The spymaster, General Nadeem Taj, accompanied by national security adviser General Tariq Aziz, were reportedly preparing to offer Ms Bhutto apower-sharing deal that would ensure her an unfettered return to Pakistan this month and immediate access to bank accounts frozen over corrup-tion charges.
Ms Bhutto would be asked to “quietly help” ensure General Musharraf’s re-election on Saturday by not joining other opposition parties to cripple the credibility of the presidential ballot due to take place in an electoral college that consists of members of the national and four provincial assemblies.
A complicated constitutional arrangement means the electoral college consists of 1170 electors from the national and provincial assemblies.
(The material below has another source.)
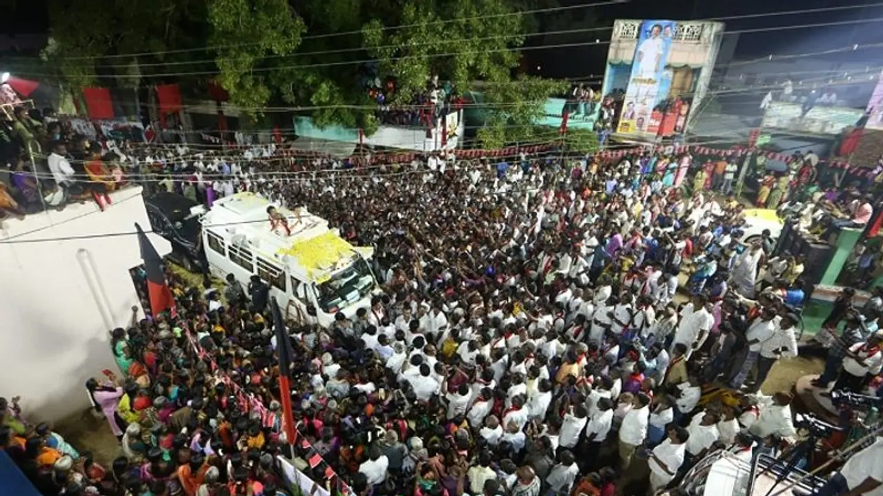 வேலூர் மக்களவை தொகுதிக்கான தேர்தல் வரும் 5ம் தேதி நடைபெறவுள்ளது. இந்த தேர்தலில் தி.மு.க சார்பில் சார்பில் திமுக பொருளாளர் துரை முருகனின் மகன் கதிர் ஆனந்த் போட்டியிடுபிகிறார். அவரை ஆதரித்து தி.மு.க தலைவர் மு.க.ஸ்டாலின் இரண்டாவது நாளாக பிரசாரம் மேற்கொண்டார். கதிர் ஆனந்த் நிம்மியம்பட்டு பகுதியில் தி.மு.க தலைவர் மு.க.ஸ்டாலின் திறந்த வேனில் பிரச்சாரம் செய்தார்.

But a system of weighting means that the number of votes counted in a presidential election is 702.
With his Pakistan Muslim League (Qaid) controlling a majority, estimated at 65, within the electoral college, there is no doubt that General Musharraf would win re-election.
But opposition MPs from the All Parties Democratic Alliance, led by exiled former prime minister Nawaz Sharif’s Pakistan Muslim League (Nawaz), resigned in droves yesterday, saying that “at the very least, we can make this a very, very hollow victory for the military ruler … we will demonstrate that he is a very unpopular leader with a very narrow support base”.
Attempts were made to seek the dissolution of the provincial assembly in the North West Frontier Province, where the opposition is in control, as a further way of embarrassing General Musharraf by excluding one of the four component provinces from the election.
Justice Rana Bhagwandas - the Supreme Court judge who presided over last week’s challenge to the military ruler’s eligibility to run in the election - said yesterday the President’s dual role of head of state and army chief was illegal.
Justice Bhagwandas, the second most senior member of the Supreme Court bench, was one of three judges who dissented in the decision giving General Musharraf the green light to contest the election.
“I think holding of the dual offices by the President is against the law and illegal,” he said in a statement. “I gave the verdict by acting on the voice of my conscience.”
Ms Bhutto was preparing to apply to the Pakistani courts for anticipatory bail, which will ensure she is not arrested on corruption charges when she returns on October 18 after 10 years of self-imposed exile.
- A suicide bomber wearing a woman’s burka struck at a police checkpoint in northwestern Pakistan yesterday, killing at least 13 people and wounding 20, officials said.
The blast happened on the outskirts of Bannu, a key garrison town near Pakistan’s troubled tribal areas bordering Afghanistan.